◆ RECORDED DATA:
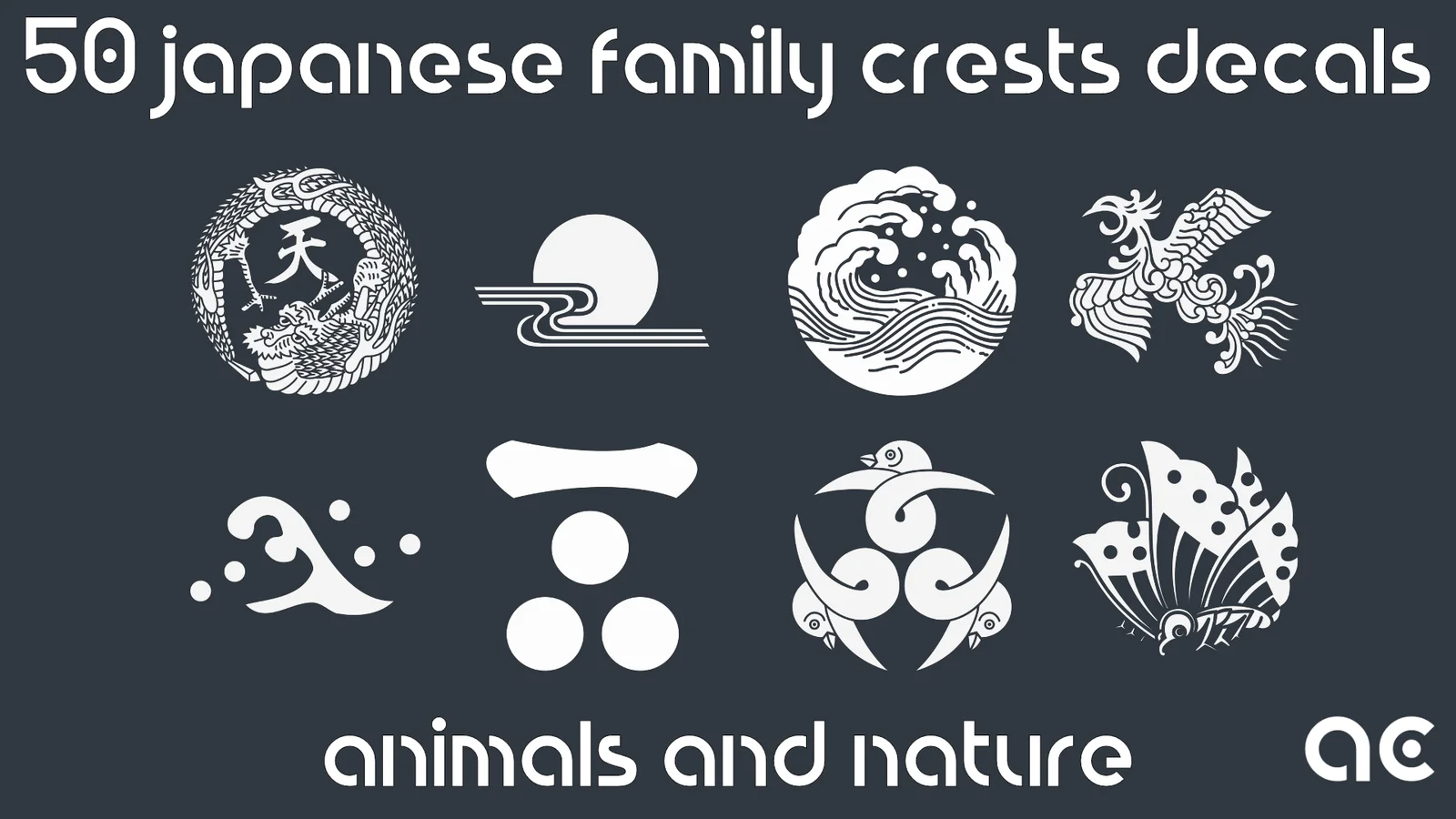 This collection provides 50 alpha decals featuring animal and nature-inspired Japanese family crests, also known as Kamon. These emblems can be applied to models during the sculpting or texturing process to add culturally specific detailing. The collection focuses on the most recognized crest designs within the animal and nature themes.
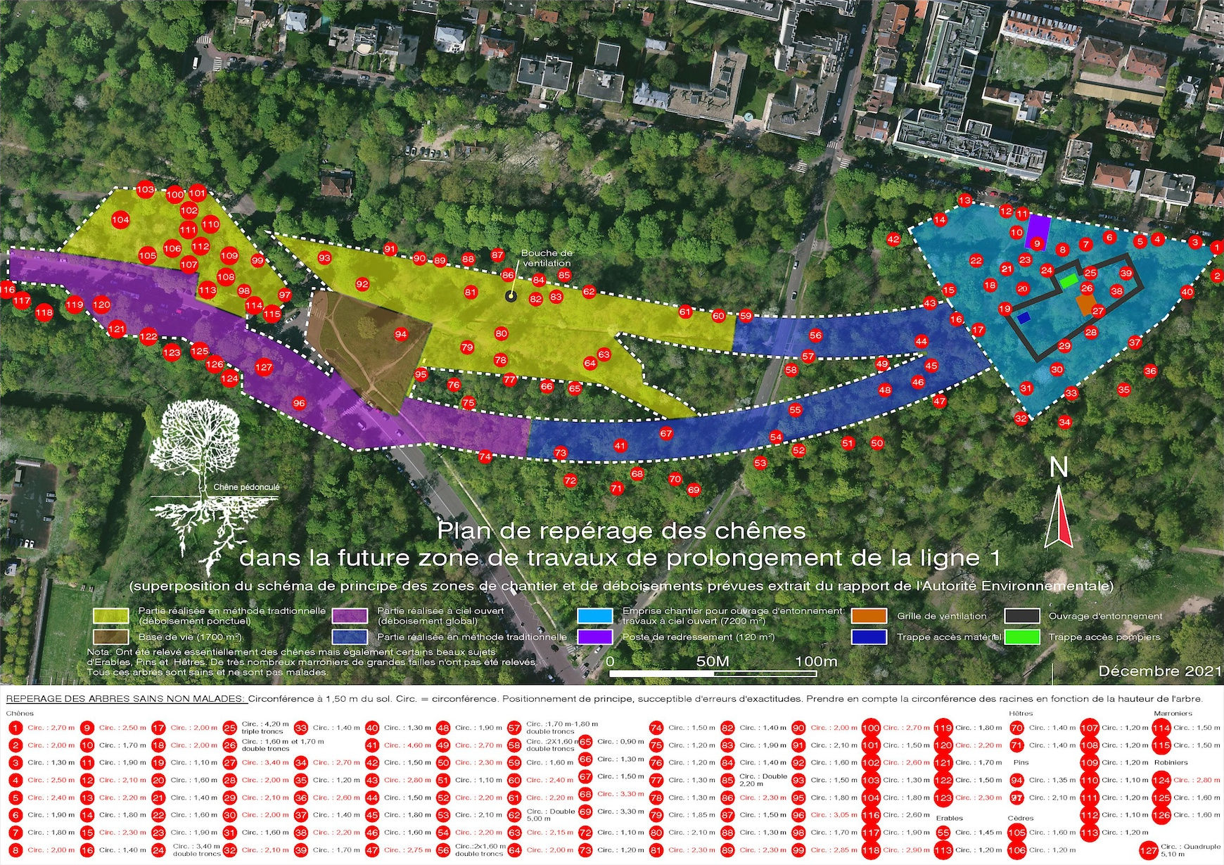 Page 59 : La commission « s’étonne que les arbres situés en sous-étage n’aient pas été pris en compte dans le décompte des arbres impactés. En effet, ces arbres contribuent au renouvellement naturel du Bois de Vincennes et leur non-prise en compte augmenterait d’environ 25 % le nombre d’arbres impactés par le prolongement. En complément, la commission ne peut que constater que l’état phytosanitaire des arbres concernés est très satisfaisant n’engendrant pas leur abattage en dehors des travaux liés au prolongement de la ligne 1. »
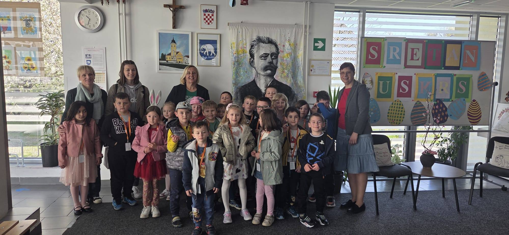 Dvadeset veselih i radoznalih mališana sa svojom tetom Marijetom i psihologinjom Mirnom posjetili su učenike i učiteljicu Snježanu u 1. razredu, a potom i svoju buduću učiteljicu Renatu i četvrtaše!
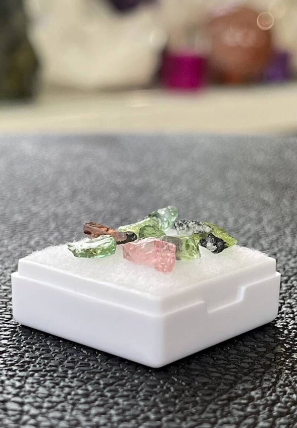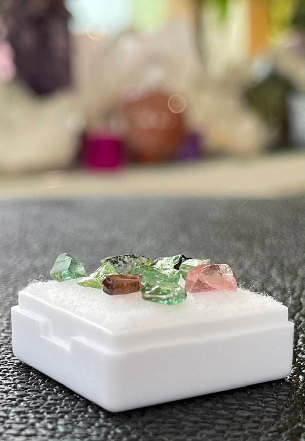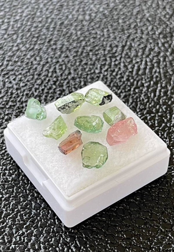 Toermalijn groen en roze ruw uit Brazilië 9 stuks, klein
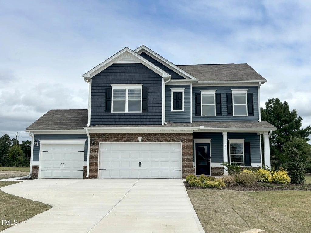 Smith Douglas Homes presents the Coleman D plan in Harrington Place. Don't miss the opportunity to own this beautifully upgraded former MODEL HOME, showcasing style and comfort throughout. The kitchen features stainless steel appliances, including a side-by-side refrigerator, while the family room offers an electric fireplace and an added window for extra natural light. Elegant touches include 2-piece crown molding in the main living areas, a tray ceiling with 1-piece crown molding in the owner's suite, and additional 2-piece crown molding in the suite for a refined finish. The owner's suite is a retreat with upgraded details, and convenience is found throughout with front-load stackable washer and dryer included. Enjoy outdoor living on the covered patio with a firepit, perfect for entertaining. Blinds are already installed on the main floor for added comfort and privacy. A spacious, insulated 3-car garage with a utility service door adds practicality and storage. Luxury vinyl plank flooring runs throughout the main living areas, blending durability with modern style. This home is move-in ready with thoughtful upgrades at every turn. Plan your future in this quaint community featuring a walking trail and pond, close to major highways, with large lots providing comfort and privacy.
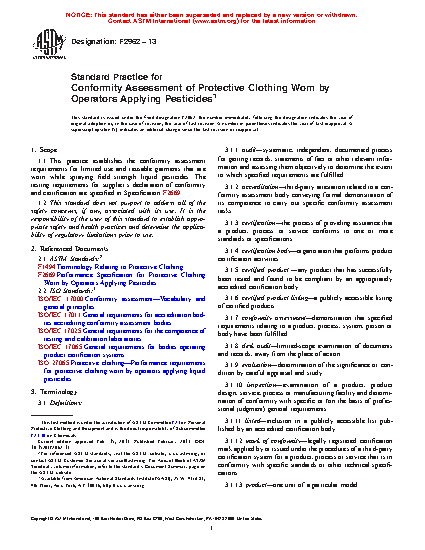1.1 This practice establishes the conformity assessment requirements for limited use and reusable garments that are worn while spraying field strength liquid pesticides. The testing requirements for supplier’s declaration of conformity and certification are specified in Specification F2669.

...

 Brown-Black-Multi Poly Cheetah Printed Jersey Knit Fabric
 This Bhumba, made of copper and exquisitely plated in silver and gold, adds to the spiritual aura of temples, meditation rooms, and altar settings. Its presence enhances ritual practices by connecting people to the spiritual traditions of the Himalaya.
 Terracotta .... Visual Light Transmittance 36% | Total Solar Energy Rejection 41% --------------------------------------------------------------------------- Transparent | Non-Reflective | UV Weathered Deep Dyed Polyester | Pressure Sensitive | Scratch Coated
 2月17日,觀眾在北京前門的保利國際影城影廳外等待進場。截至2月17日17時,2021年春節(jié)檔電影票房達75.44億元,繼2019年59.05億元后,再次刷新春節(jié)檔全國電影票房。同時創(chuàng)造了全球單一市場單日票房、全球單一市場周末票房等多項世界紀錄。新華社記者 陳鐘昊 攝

◆ WHAT YOU HAVE TO DO:
In the data above, find the line containing "This collection provides" and the line containing "Toermalijn groen en". Copy exactly the stretch from the first through the second, both included, leaving out any picture.

◆ RESPONSE FOR THIS EXERCISE:
 This collection provides 50 alpha decals featuring animal and nature-inspired Japanese family crests, also known as Kamon. These emblems can be applied to models during the sculpting or texturing process to add culturally specific detailing. The collection focuses on the most recognized crest designs within the animal and nature themes.
 Page 59 : La commission « s’étonne que les arbres situés en sous-étage n’aient pas été pris en compte dans le décompte des arbres impactés. En effet, ces arbres contribuent au renouvellement naturel du Bois de Vincennes et leur non-prise en compte augmenterait d’environ 25 % le nombre d’arbres impactés par le prolongement. En complément, la commission ne peut que constater que l’état phytosanitaire des arbres concernés est très satisfaisant n’engendrant pas leur abattage en dehors des travaux liés au prolongement de la ligne 1. »
 Dvadeset veselih i radoznalih mališana sa svojom tetom Marijetom i psihologinjom Mirnom posjetili su učenike i učiteljicu Snježanu u 1. razredu, a potom i svoju buduću učiteljicu Renatu i četvrtaše!
 Toermalijn groen en roze ruw uit Brazilië 9 stuks, klein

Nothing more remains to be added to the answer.